I would be doing a minor cleanup since the data is from multiple different sources. Key here would be the Modified CTA is a modified ZIP code data

https://github.com/nychealth/coronavirus-data

## Methodology
### Import the relevant libraries for analysis

In [None]:
import numpy as np # library to handle data in a vectorized manner
import pandas as pd # library for data analsysis
%matplotlib inline 
import matplotlib as mpl
import matplotlib.pyplot as plt
import folium

#### Download NY neighbourhood wise Covid case rate data to a dataframe 

In [None]:
url = 'https://github.com/nychealth/coronavirus-data/blob/master/data-by-modzcta.csv'
webList = pd.read_html(url, header=0)
dfByLocation=webList[0]
dfByLocation.drop(columns = ['Unnamed: 0'],axis=1,inplace=True)
dfByLocation.head()

#### Modify dataframe for the required columns

In [184]:
dfByLocationTrim=dfByLocation[['MODIFIED_ZCTA','NEIGHBORHOOD_NAME','BOROUGH_GROUP','COVID_CASE_RATE']]

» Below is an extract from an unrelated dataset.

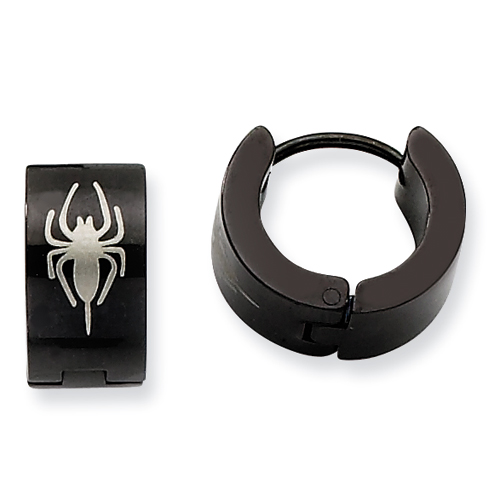 These PVD Black Stainless Steel huggie earrings have a shiny silver spider.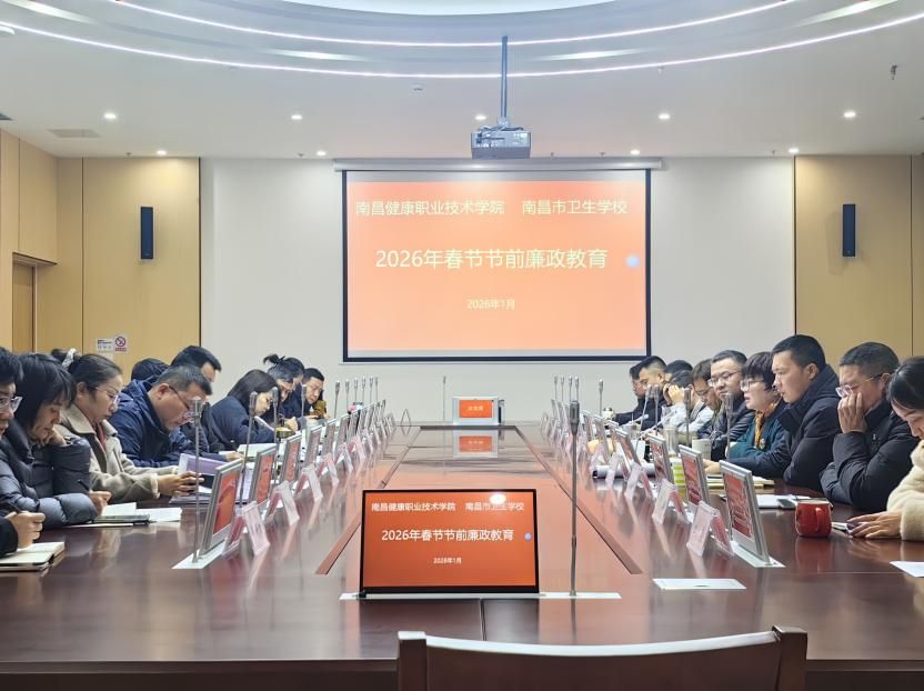 春节将至,为深入贯彻落实全面从严治党要求,严防节日期间“四风”问题反弹回潮,营造风清气正、崇廉尚俭的节日氛围,1月26日南昌健康职业技术学院召开2026年春节节前集体廉政教育会。学院领导、全体中层干部出席会议。

#### MODIFIED_ZCTA column has the key to identify the nighbourhood in the json file.

In [None]:
dfByLocationTrim.loc[:,'MODIFIED_ZCTA']= dfByLocationTrim[['MODIFIED_ZCTA']].astype("str")
dfByLocationTrim.head()

In [None]:
filename= "Demographic_Statistics_By_Zip_Code.csv"

In [178]:
dfDemographic = pd.read_csv(filename)
dfDemographic.head()

Unnamed: 0,JURISDICTION NAME,COUNT PARTICIPANTS,COUNT FEMALE,PERCENT FEMALE,COUNT MALE,PERCENT MALE,COUNT GENDER UNKNOWN,PERCENT GENDER UNKNOWN,COUNT GENDER TOTAL,PERCENT GENDER TOTAL,...,COUNT CITIZEN STATUS TOTAL,PERCENT CITIZEN STATUS TOTAL,COUNT RECEIVES PUBLIC ASSISTANCE,PERCENT RECEIVES PUBLIC ASSISTANCE,COUNT NRECEIVES PUBLIC ASSISTANCE,PERCENT NRECEIVES PUBLIC ASSISTANCE,COUNT PUBLIC ASSISTANCE UNKNOWN,PERCENT PUBLIC ASSISTANCE UNKNOWN,COUNT PUBLIC ASSISTANCE TOTAL,PERCENT PUBLIC ASSISTANCE TOTAL
0,10001,44,22,0.5,22,0.5,0,0,44,100,...,44,100,20,0.45,24,0.55,0,0,44,100
1,10002,35,19,0.54,16,0.46,0,0,35,100,...,35,100,2,0.06,33,0.94,0,0,35,100
2,10003,1,1,1.0,0,0.0,0,0,1,100,...,1,100,0,0.0,1,1.0,0,0,1,100
3,10004,0,0,0.0,0,0.0,0,0,0,0,...,0,0,0,0.0,0,0.0,0,0,0,0
4,10005,2,2,1.0,0,0.0,0,0,2,100,...,2,100,0,0.0,2,1.0,0,0,2,100


In [179]:
dfDemographic.columns

Index(['JURISDICTION NAME', 'COUNT PARTICIPANTS', 'COUNT FEMALE',
       'PERCENT FEMALE', 'COUNT MALE', 'PERCENT MALE', 'COUNT GENDER UNKNOWN',
       'PERCENT GENDER UNKNOWN', 'COUNT GENDER TOTAL', 'PERCENT GENDER TOTAL',
       'COUNT PACIFIC ISLANDER', 'PERCENT PACIFIC ISLANDER',
       'COUNT HISPANIC LATINO', 'PERCENT HISPANIC LATINO',
       'COUNT AMERICAN INDIAN', 'PERCENT AMERICAN INDIAN',
       'COUNT ASIAN NON HISPANIC', 'PERCENT ASIAN NON HISPANIC',
       'COUNT WHITE NON HISPANIC', 'PERCENT WHITE NON HISPANIC',
       'COUNT BLACK NON HISPANIC', 'PERCENT BLACK NON HISPANIC',
       'COUNT OTHER ETHNICITY', 'PERCENT OTHER ETHNICITY',
       'COUNT ETHNICITY UNKNOWN', 'PERCENT ETHNICITY UNKNOWN',
       'COUNT ETHNICITY TOTAL', 'PERCENT ETHNICITY TOTAL',
       'COUNT PERMANENT RESIDENT ALIEN', 'PERCENT PERMANENT RESIDENT ALIEN',
       'COUNT US CITIZEN', 'PERCENT US CITIZEN', 'COUNT OTHER CITIZEN STATUS',
       'PERCENT OTHER CITIZEN STATUS', 'COUNT CITIZEN STATUS UNKN

In [180]:
dfDemographicRace.loc[:,'Coloured'] = dfDemographic['PERCENT PACIFIC ISLANDER']+dfDemographic['PERCENT HISPANIC LATINO']+dfDemographic['PERCENT AMERICAN INDIAN']+dfDemographic['PERCENT ASIAN NON HISPANIC']+dfDemographic['PERCENT BLACK NON HISPANIC']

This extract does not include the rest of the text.